GIVEN RECORDS -

:::::

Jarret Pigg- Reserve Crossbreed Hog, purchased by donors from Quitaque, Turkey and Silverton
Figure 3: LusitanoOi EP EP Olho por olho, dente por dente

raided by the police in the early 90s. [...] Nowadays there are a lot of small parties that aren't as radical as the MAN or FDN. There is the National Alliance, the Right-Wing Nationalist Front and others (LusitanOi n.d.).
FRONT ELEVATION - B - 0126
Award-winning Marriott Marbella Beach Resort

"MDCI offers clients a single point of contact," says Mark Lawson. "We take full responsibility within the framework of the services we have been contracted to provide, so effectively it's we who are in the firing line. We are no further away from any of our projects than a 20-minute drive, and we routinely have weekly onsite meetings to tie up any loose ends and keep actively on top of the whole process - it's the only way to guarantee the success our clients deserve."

:::::

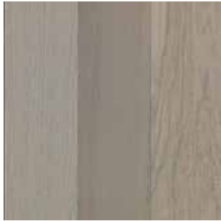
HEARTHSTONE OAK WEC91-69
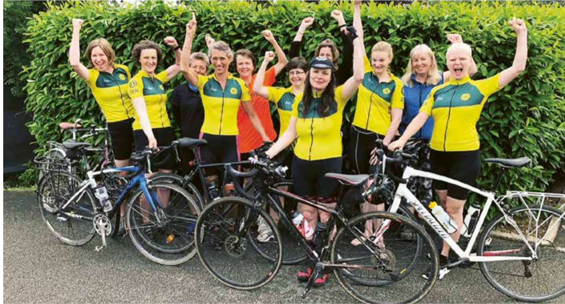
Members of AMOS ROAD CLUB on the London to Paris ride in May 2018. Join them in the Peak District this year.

:::::

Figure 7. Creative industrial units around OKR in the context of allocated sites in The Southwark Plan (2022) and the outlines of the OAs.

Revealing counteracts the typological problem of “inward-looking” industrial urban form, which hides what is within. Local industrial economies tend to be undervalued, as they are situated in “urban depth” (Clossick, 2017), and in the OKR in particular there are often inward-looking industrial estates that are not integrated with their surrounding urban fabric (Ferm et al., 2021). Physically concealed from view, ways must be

:::::

ASSIGNMENT -
Scan the entries above for the word "Figure", then copy every line in which it occurs.

OUTPUT OF THE TASK -
Figure 3: LusitanoOi EP EP Olho por olho, dente por dente
Figure 7. Creative industrial units around OKR in the context of allocated sites in The Southwark Plan (2022) and the outlines of the OAs.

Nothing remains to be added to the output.